Note well the efficiency of applying a numerical map to decorate
the PII-free records with approximate demographics in any event
compared to e.g. attempting to join those records with some sort of
demographic database, a process requiring many steps to clean the
data, renormalize variables, deal with the inevitable holes where
no match is found. The Arcametrics Correlation Engine has to
perform many of those steps as well to form the unified map, but
this becomes a significant value added proposition for the users of
those maps as pure compressed information.
[0088] The unified map has still greater value for the card issuer,
who does have the demographic and contact information for each
cardholder and can use this information to legitimately target the
cardholders for special offers from the merchant with a much higher
chance of the offers being accepted than if the targets and offers
were both randomly selected (assuming, of course, that there is a
positive correlation between the projected demographic attributes
and propensities to respond to the offers). It also has one final
valuable purpose to the merchant--the forward map and unified map
can powerfully enhance any direct (targeted) marketing campaign
undertaken by the merchant.
[0089] It is therefore worth illustrating the utility of the joint
and conditional probability distributions in the forward map
derived from the private data in this context. Suppose that the
quick mart company wishes to run a campaign to attract new
customers for things other than gas in the geographic vicinity of
their stores by means of directly mailing them a special coupon for
reduced-price beer if purchased with a fill-up. We will further
imagine that the only information they have at their disposal is
the private credit card database illustrated above, which has no
demographic variables and which cannot be legally matched to any
specific records that do have demographic variables associated with
the individual transactional records therein.

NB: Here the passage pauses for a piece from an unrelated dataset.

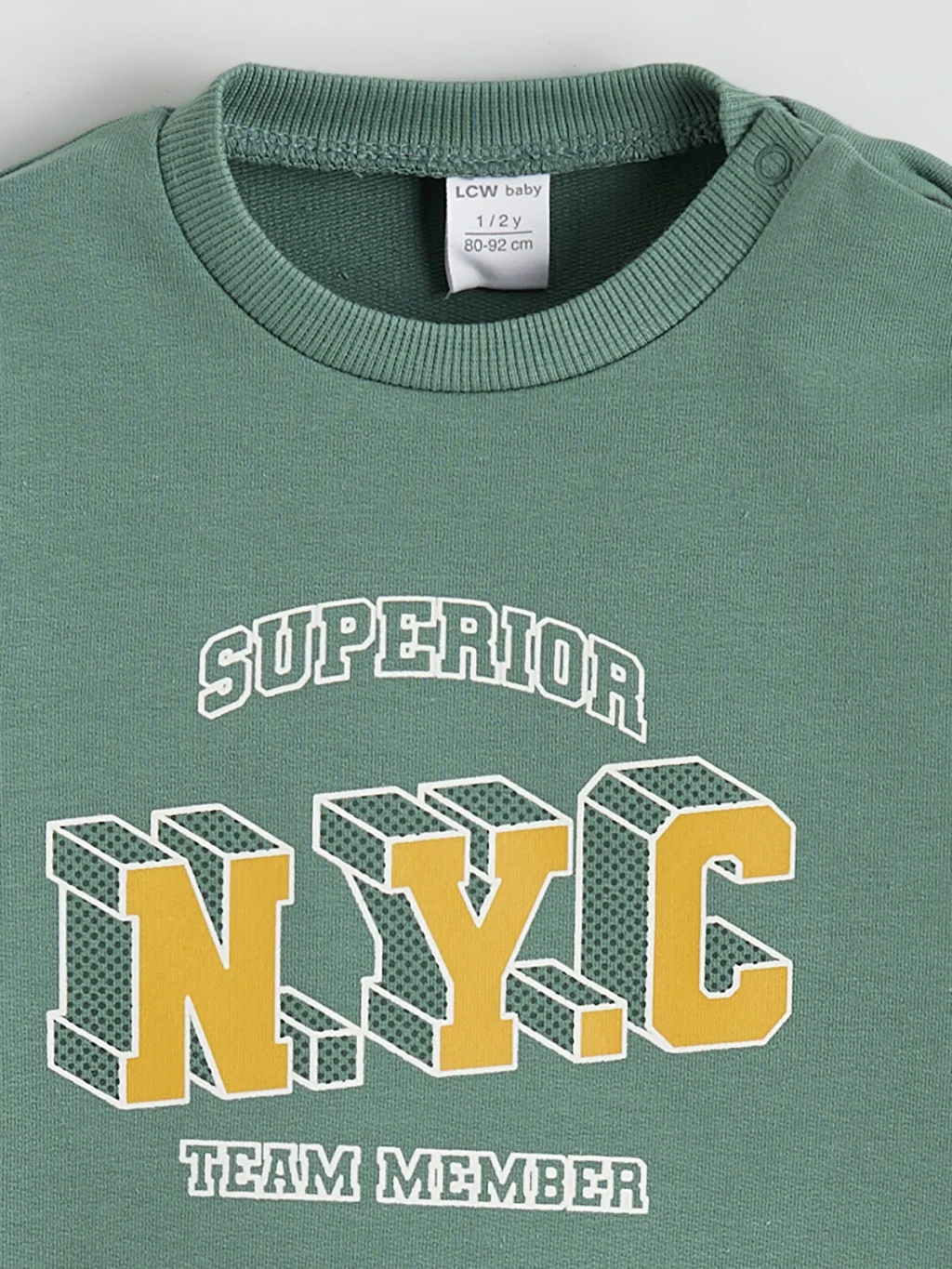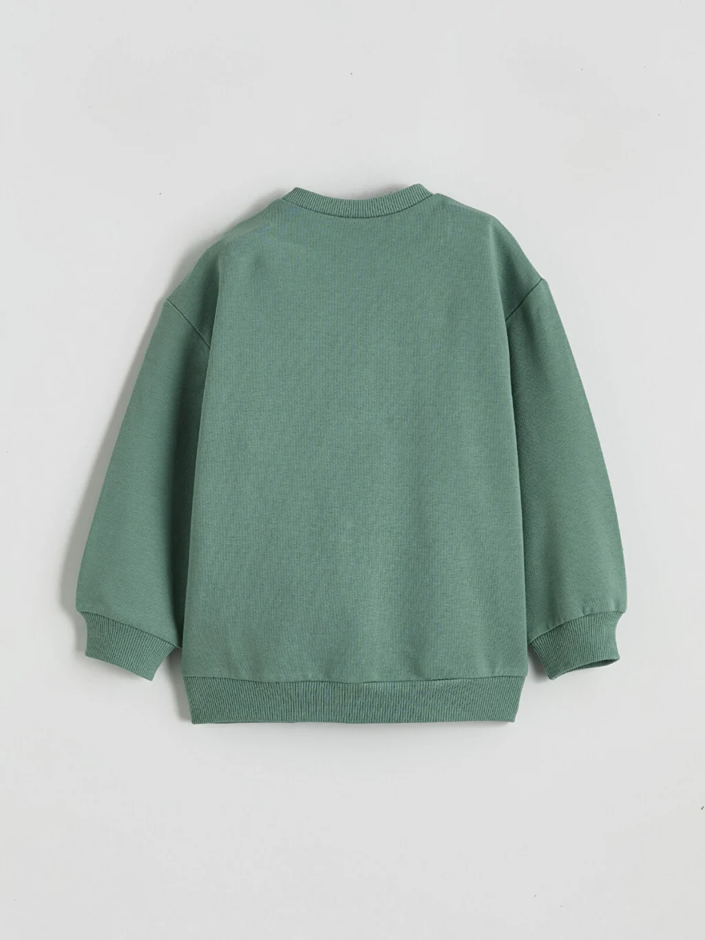 Bisiklet yakalı, uzun kollu erkek bebek sweatshirt, omuzdan çıtçıt kapamalıdır. Önü baskılı modelin kol uçları ve etek ucu ribanalıdır.

[0090] Instead of the being fortunate enough to possess a
"perfectly matched" frequent shopper database, we will suppose that
the quick mart purchases a commercial demographic database which
associates customer demographic information (including names and
addresses) in their targeted area and which contain fields for each
customer derived from certain transactional behavior, tallying e.g.
the number of cars the individual has publicly registered with
their state of residence and their probable monthly expenditure on
fuel (either directly or as a derived quantity).
[0091] The usual method for building a predictive model would be to
target individuals in the regions of interest either randomly or
heuristically and track the results of e.g. a direct mailing. Using
these results, predictive models are built that can be used to
improve the yield per piece mailed.
[0092] In our example the merchant instead uses correlation
matrices derived from the private database. From these matrices,
they note that individuals with very high monthly gasoline
expenditures are far more likely than average to spend over
$50/month on alcoholic beverages at the quick mart. They can
therefore create a very simple model on the demographic database
that selects customers in the appropriate geographical regions that
are likely to spend over $200/month for gasoline and make them the
particular offer of e.g. two for the price of one cases of beer
with a fill-up, and have a very reasonable expectation that the
mailing will significantly beat the return on investment of a
purely random mailing or universal mailing in the target areas.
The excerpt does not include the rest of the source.